The AI Factor
Great examples of the power of machine learning on medical data are easy to find today. Dr. Atul Butte, director of the Institute for Computational Health Sciences at UCSF, employed AI on big public datasets to isolate a molecular treatment for small-cell lung cancer; Butte predicts computational optimization can bring drug development down from $1 billion to a mere $100,000, and from 10 years to 2 years. Many public datasets are being created: Harvard’s Personal Genome Project, MHealth, Chicago Health Atlas and HealthData.gov are just a few among dozens of accessible libraries.
However, most live medical data in EHRs is decisively not AI-ready.

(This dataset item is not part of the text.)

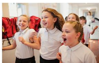
Catch-up: 4-16 year-olds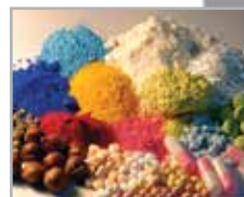
Conveying of dust, powder, pigments, flakes, granulated material, tablets, capsules, small parts, etc.

It has to be extracted and standardized, which is laborious work. Machine learning can then scour the data to discover “hidden layers,” i.e., patterns never seen before. But that intelligence can’t then just turn around and run on the live EHR data, especially when it’s looking for something extremely complex, such as a constellation of genes interacting with lifestyle factors. Even when EHRs do comply to a standard, that EHR architecture typically was not built from the ground up for AI optimization.
Anyone and everyone will promise artificial intelligence insight from data. But it’s those who are already doing it, across millions of patients, on live data, who have the distinct advantage.
Interoperability is the holy grail. The problem is that people have to get paid for it.